Book Review: Six Degrees of Corruption — The Fleecing of a City
The story of Methuen whether we like it or not.
Written by: Dan Shibilia InsideMetheun@gmail.com
I read Six Degrees of Corruption not as a casual observer, but as a voter and resident who was here while much of this was unraveling — new to the city at the time, raising two young kids, and trying to understand what kind of place we had just moved into. I went into this book anxious, in the best way. I knew how much work had gone into it, and I expected it to be thorough. What I didn’t expect was how validating it would feel — or how uncomfortable that validation would be.
Six Degrees of Corruption — The Fleecing of a City
By L.P. Smith
This book doesn’t uncover something new so much as it confirms what many residents have quietly believed for years: that Methuen politics has been far too willing to serve itself, protect its own, and reward friends — often at the public’s expense. Page after page, Smith lays out a factual, deeply researched account of how power operated here, how it stayed entrenched, and how little stood in its way. It’s written in a tone that’s both dark and cynical, but never reckless. The facts do the heavy lifting.
As someone who lives here, the hardest part of reading this book isn’t the revelations themselves — it’s recognizing how many of the names, networks, and power structures are still very much with us. That makes the entire thing painful in a way that’s hard to explain to outsiders. This isn’t ancient history. This case is still unfolding in the courts. The consequences are still unresolved. And the culture that allowed it to happen doesn’t feel like it’s gone anywhere.
For longtime residents, this book will feel like confirmation. For newer ones, it may come as a shock — the kind that makes you question how all of this could have happened in plain sight. That contrast alone says a lot about Methuen. The longer you’ve been here, the less surprising it becomes — which may be the most damning takeaway of all.
What makes Six Degrees of Corruption especially effective is that it works on three levels at once. It is clearly an investigation, methodical and fact-driven. It reads like a reckoning — a come-to-Jesus moment for a city that’s been pretending not to notice patterns. And it functions as a warning, because much of what it describes doesn’t feel safely locked in the past.

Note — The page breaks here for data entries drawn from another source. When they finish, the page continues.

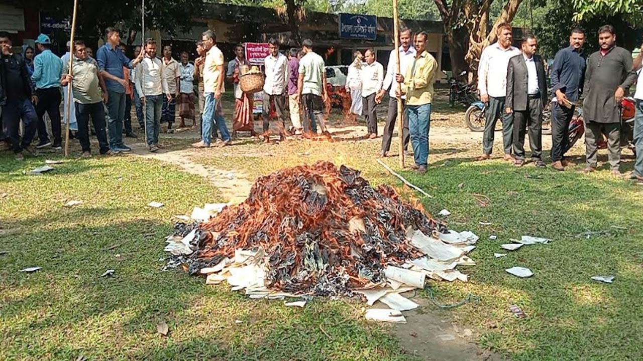 দিনাজপুরের নবাবগঞ্জে দলিল পোড়ানো হলো সাব-রেজিস্ট্রার অফিসে
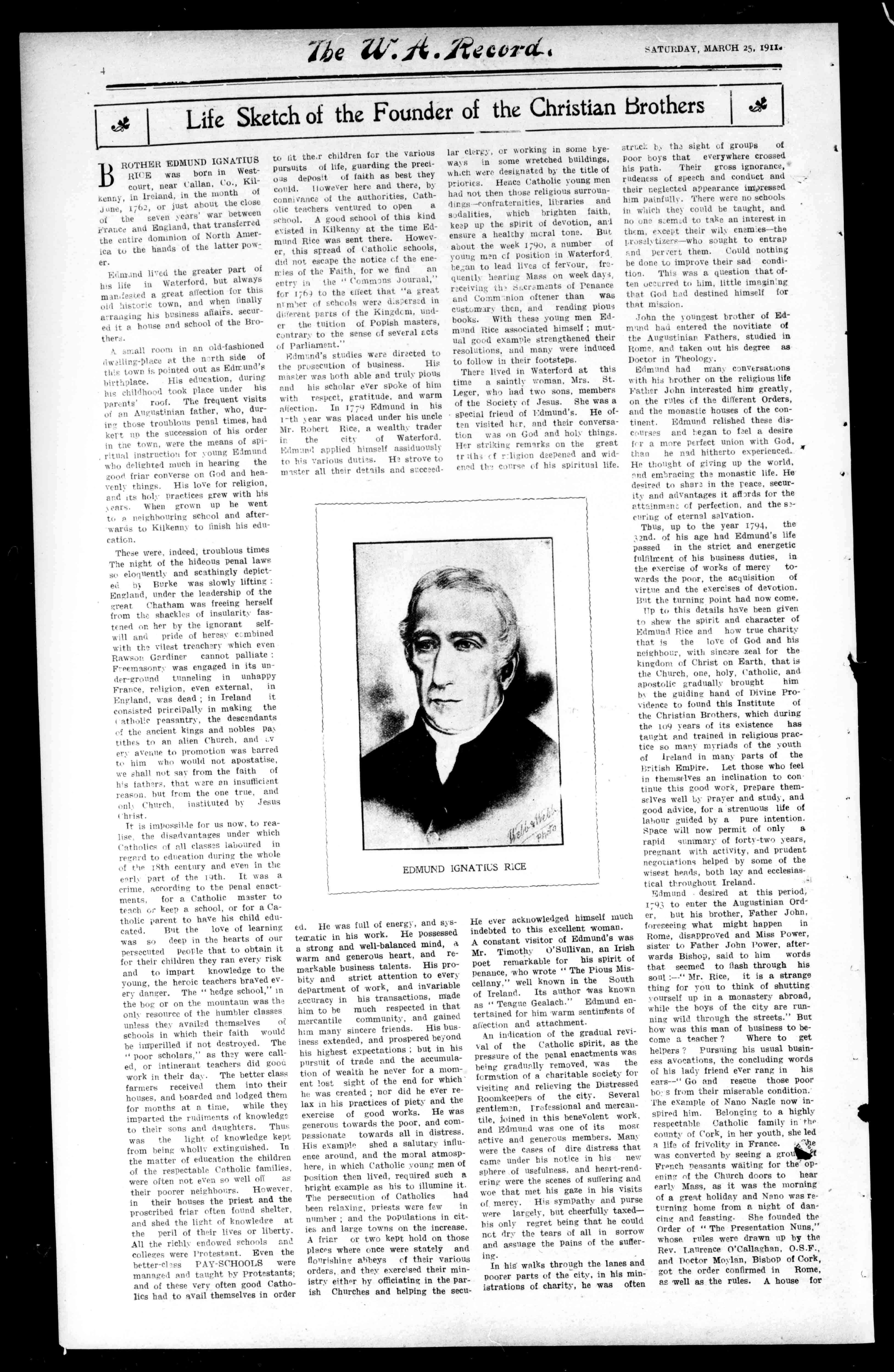 Thus,uptotheyear1794,the ?and.ofhisagehadEdmund'slife passedinthestrictandenergetic fulfilmentofhisbusinessduties,in theexerciseofworksofmercytowardsthepoor,theacquisitionof virtueandtheexercisesofdevotion. Buttheturningpointhadnowcome, Uptothisdetailshavebeengiven to:thewthespiritandcharacterof EdmundRiceandhowtruecharity thatistheloveofGodandhis neighbour,withsincerezealforthe kingdomofChristonEarth,thatis theChurch,one,holy,Catholic,and apostolicgraduallybrought him b'theguidinghandofDivineProvidencetofoundthisInstitute of theChristianBrothers,whichduring the109yearsofitsexistencehas taughtandtrainedinreligiouspracticesomanymyriadsoftheyouth ofIrelandinmanePartsofthe BritishEmpire.Letthosewhofeel inthemselvesaninclinationtocon tinuethisgoodwork,preparethemselveswellbyPrayerandstudy,and goodadvice,forastrenuouslifeof labourguidedbyaPureintention. Spacewillnowpermitofonlya rapidsummaryofforty-twoyears, Pregnantwithactivity,andprudent negotiationshelpedbysomeofthe wisestheads,bothlayandecclesiasticalthroughoutIreland.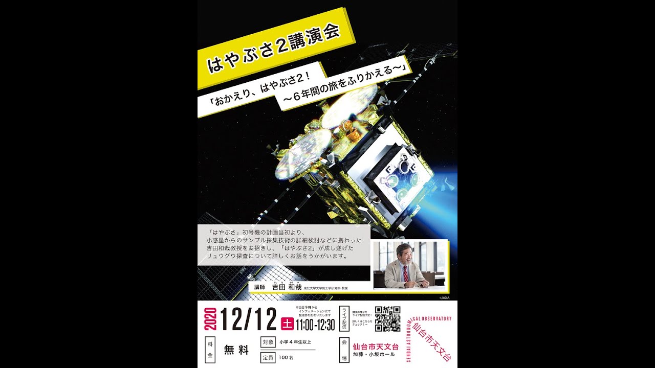 Share Facebook Twitter Pinterest LinkedIn はやぶさ2講演会「おかえり、はやぶさ2!~ 6年間の旅をふりかえる」 配信開始:2020年12月12日(土)11:00 劇場版 HAYABUSA2~REBORN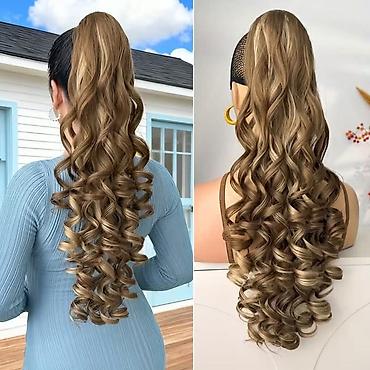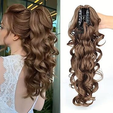 Ekstenzija rep (clip-in) – duga talasasta kosa - Tip: sintetička ekstenzija u obliku repa sa kopčom/šnalom (claw clip) za brzo pričvršćivanje. - Dužina: ekstra duga, do struka; bogat volumen i mek...
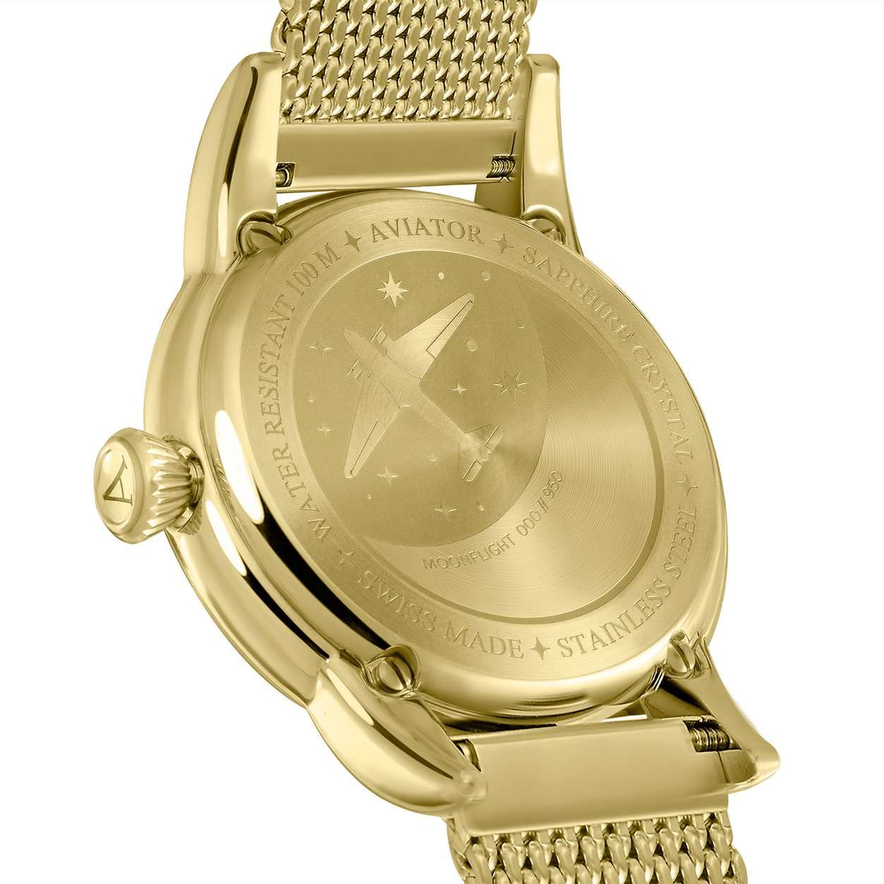 Aviator V.1.33.1.343.5 “Douglas Moonflight” — элегантный дамский швейцарский Moonphase с утончённой авиационной эстетикой. Корпус 36 мм из нержавеющей стали с PVD-покрытиемPVDУльтратонкое покрытие наносится в технике вакуумного напыления, сочетает в себе нитрид титана особой прочности со слоем золота или оксида хрома. Несёт в себе декоративную или защитную функцию. с полированной отделкой обладает компактными пропорциями и удобным литым профилем.

If anything, it raises the uncomfortable question of whether we’ve learned anything at all.
There are moments where you’ll laugh — but only in that grim, “I can’t believe my tax dollars paid for this” kind of way. This isn’t a funny book, but it does expose the absurdity that sets in when corruption becomes normalized. And that normalization is the real villain here. Smith shows how much the public tolerated, often because people were afraid — afraid of retaliation, afraid of becoming the next target, afraid of standing alone against an old guard that didn’t seem to face consequences.
This book doesn’t offer redemption arcs or neat resolutions. It’s exposure, plain and simple. And that may frustrate readers looking for justice neatly wrapped up. The reality, as Smith makes clear, is messier — and in some cases, the state has already failed to fully hold people accountable. That, too, is part of the story.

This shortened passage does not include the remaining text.